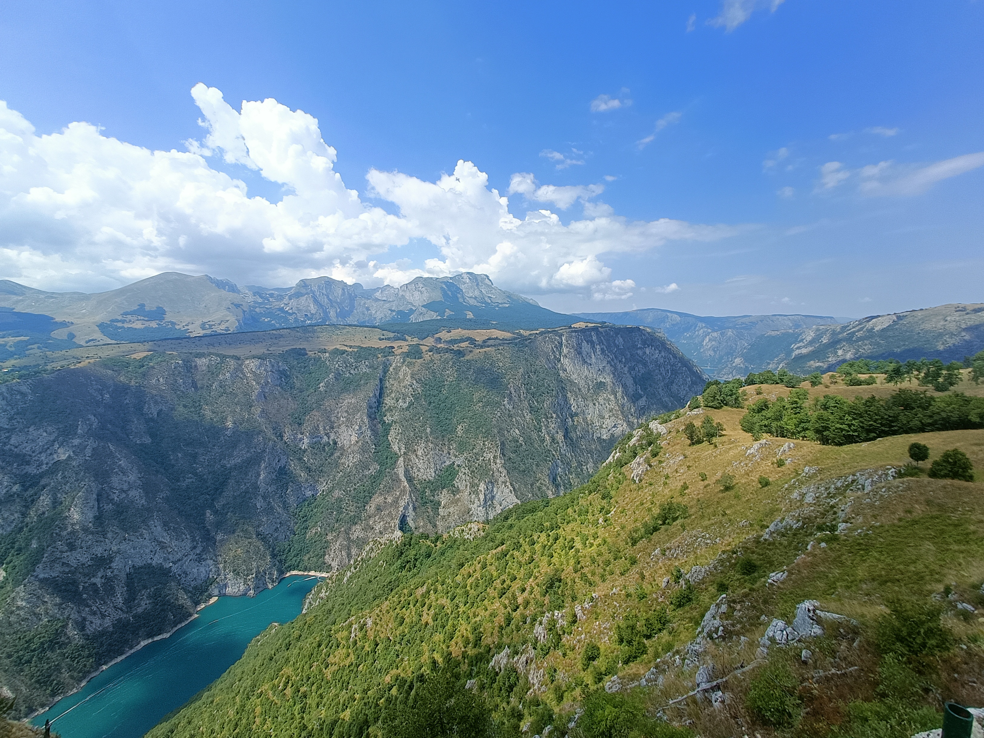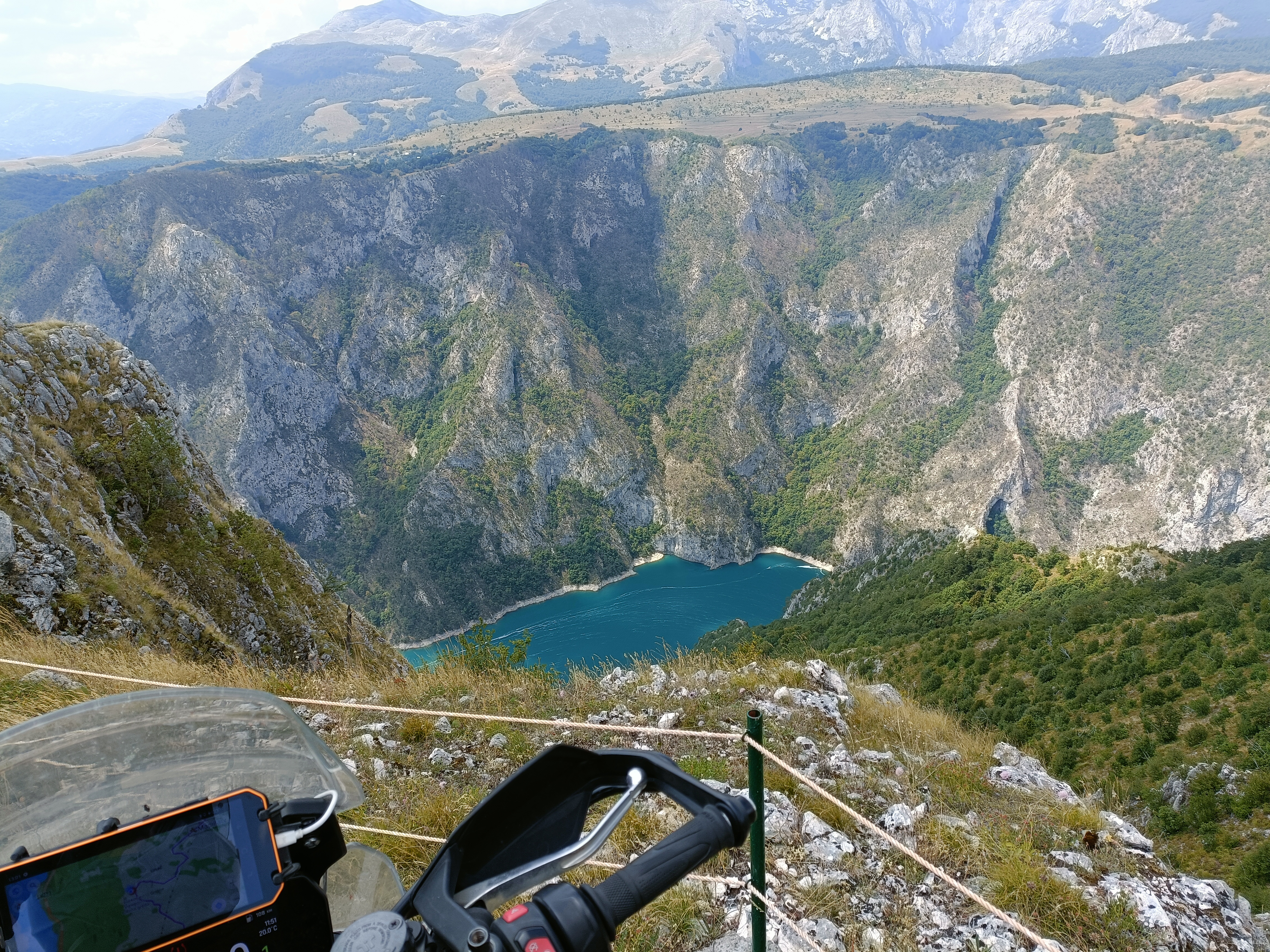 Direction le sud pour rejoindre le Montenegro en fin de journée. 70km de routes de gorges et montagnes pour rejoindre la frontière avec le Montenegro, au bord de l’impressionnante et très connue rivière Tara. On attaque ensuite le massif du Durmitor, par une piste puis une petite route de montagne, un des plus beaux massifs montagneux du continent européen, par ses impressionnantes strates et découpages rocheux. La piste d’un coup s’ouvre sur les gorges de la rivière Piva, 800 mètres plus bas…. Vertiges garantis quand on approche la moto du précipice.
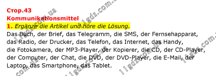 Kommunikationsmittel 1. Ergänze die Artikel und höre die Lösung. Das Buch, der Brief, das Telegramm, die SMS, der Fernsehapparat, das Radio, der Drucker, das Telefon, das Internet, das Handy, die Fotokamera, der MP3-Player, der Kopierer, die CD, der CD-Player, der Computer, der Chat, die DVD, der DVD-Player, die E-Mail, der Laptop, das Smartphone, das Tablet.
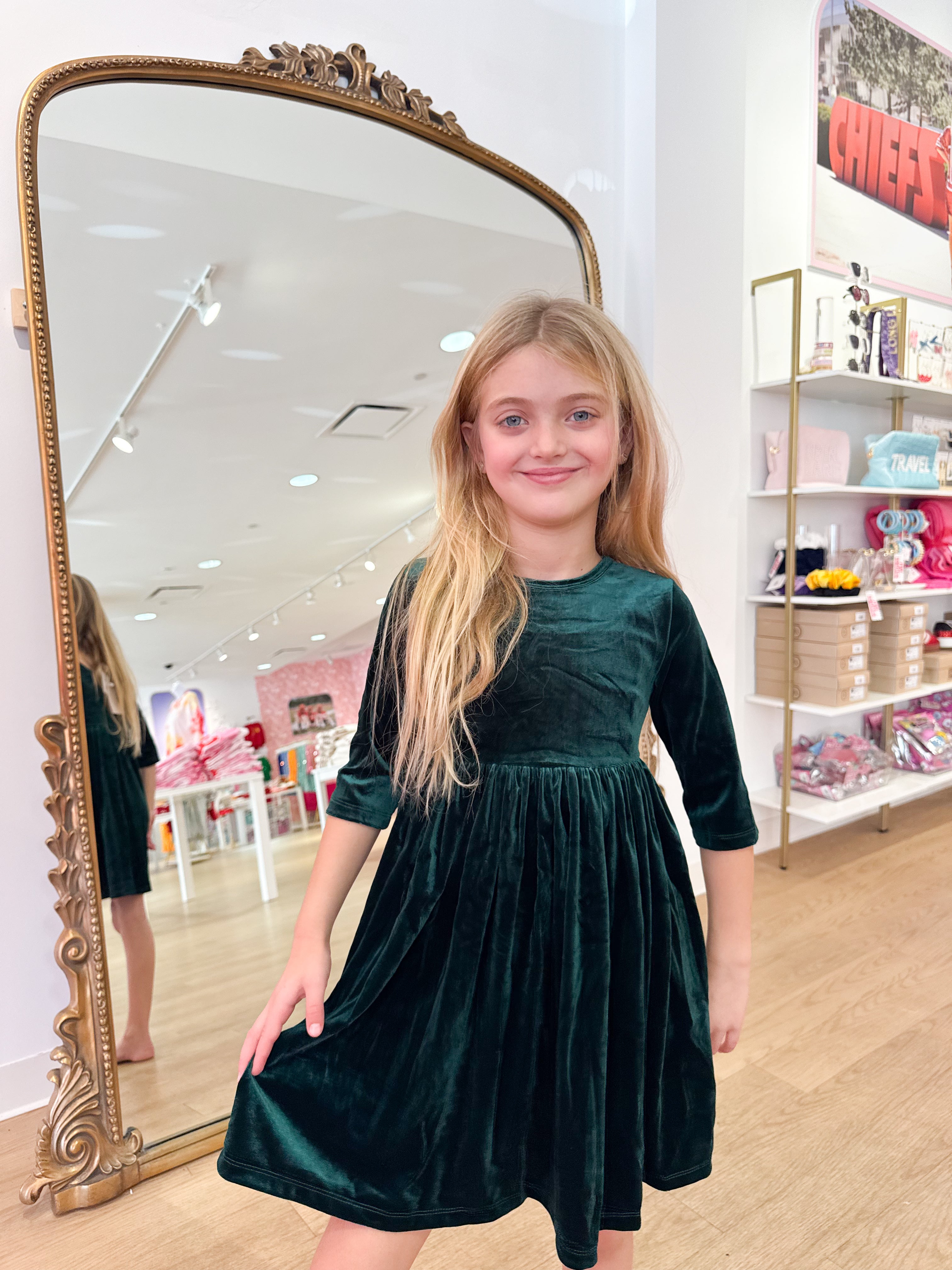 Hunter Green Velvet Twirl Dress - 2T is backordered and will ship as soon as it is back in stock.

━━━━━━━━━━━━━━━━

● What you have to do:
The task calls for duplicating the data exactly, with no images kept.

● Answer space:
 Direction le sud pour rejoindre le Montenegro en fin de journée. 70km de routes de gorges et montagnes pour rejoindre la frontière avec le Montenegro, au bord de l’impressionnante et très connue rivière Tara. On attaque ensuite le massif du Durmitor, par une piste puis une petite route de montagne, un des plus beaux massifs montagneux du continent européen, par ses impressionnantes strates et découpages rocheux. La piste d’un coup s’ouvre sur les gorges de la rivière Piva, 800 mètres plus bas…. Vertiges garantis quand on approche la moto du précipice.
 Kommunikationsmittel 1. Ergänze die Artikel und höre die Lösung. Das Buch, der Brief, das Telegramm, die SMS, der Fernsehapparat, das Radio, der Drucker, das Telefon, das Internet, das Handy, die Fotokamera, der MP3-Player, der Kopierer, die CD, der CD-Player, der Computer, der Chat, die DVD, der DVD-Player, die E-Mail, der Laptop, das Smartphone, das Tablet.
 Hunter Green Velvet Twirl Dress - 2T is backordered and will ship as soon as it is back in stock.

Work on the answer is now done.